Trade Down Island’s Glorious Constitution

As a resident of Trade Down Island, you agree to live by TDI’s Glorious Constitution. If you cannot abide by these divine principles you will incur the righteous anger of your benevolent dictator and be cast off our tropical paradise for NFL draft nerds and wanna-be GMs.

Article 1: Productive players on rookie contracts are the single greatest asset in the NFL behind franchise quarterbacks.
In the modern NFL there is nothing more important than having a franchise quarterback. The second greatest assets are productive contributors playing on rookie contracts because they free up millions of dollars in cap space to use elsewhere. Rookies who produce from Day 1 provide four years of production that significantly exceeds their cap hit. For example, the No. 16 overall pick in 2018 has an average annual cap hit of $3.2 million. By the No. 48 overall pick (mid-second round) the average annual cap hit falls to just $1.4 million. Picks in the mid-third and mid-fourth rounds count just $870k and $763k per year over their first four years. Finding productive players on rookie deals, especially those drafted in Rounds 2-4, literally unlocks millions of dollars in cap space to re-sign key players and land difference-making free agents.

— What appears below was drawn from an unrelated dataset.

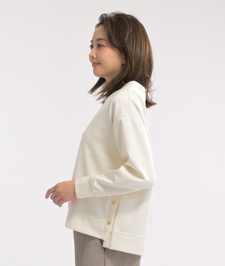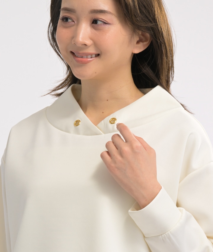 ・襟元のはと目がカジュアルなポイント

Article 2: The NFL draft is largely educated guesswork, so more picks means more correct guesses.
While on the whole first round picks outperform second round picks, and second round picks outperform third round picks, every individual player selection is fraught with risk, uncertainty, and guesswork. As the data nerds at FiveThirtyEight have pointed out, “there’s practically no correlation between a team’s picking performance from one draft to the next.” Draft data analysis from Football Perspective produced the same conclusion, “the correlation coefficient between a team’s draft grade in one year and draft grade in the next year was just 0.07. This means that there is essentially no relationship between how well a team does relative to expectation in the draft this year to how they did the prior year.” Teams that think they can “beat the draft” over the long run are kidding themselves. Because of this, the only way for teams to find more value in the draft than their peers is to acquire more draft picks.

Article 3: If you are drafting a stud, DON’T trade down.
If Luke Kuechly is available at No. 9 (which he was), you draft Luke Kuechly! If Aaron Donald is available at No. 13 (which he was), you draft Aaron Donald! Heck, if your GM and scouts can find the next Kuechly or Donald in the draft, then teams should trade up to get them. This is particularly true with early first round picks where franchise-changing talent can be available. The biggest misconception about trading down is teams are swapping a dollar bill for three quarters. Teams that smartly trade down never do this. Teams should never trade down when they can stand pat and draft a future Pro Bowler.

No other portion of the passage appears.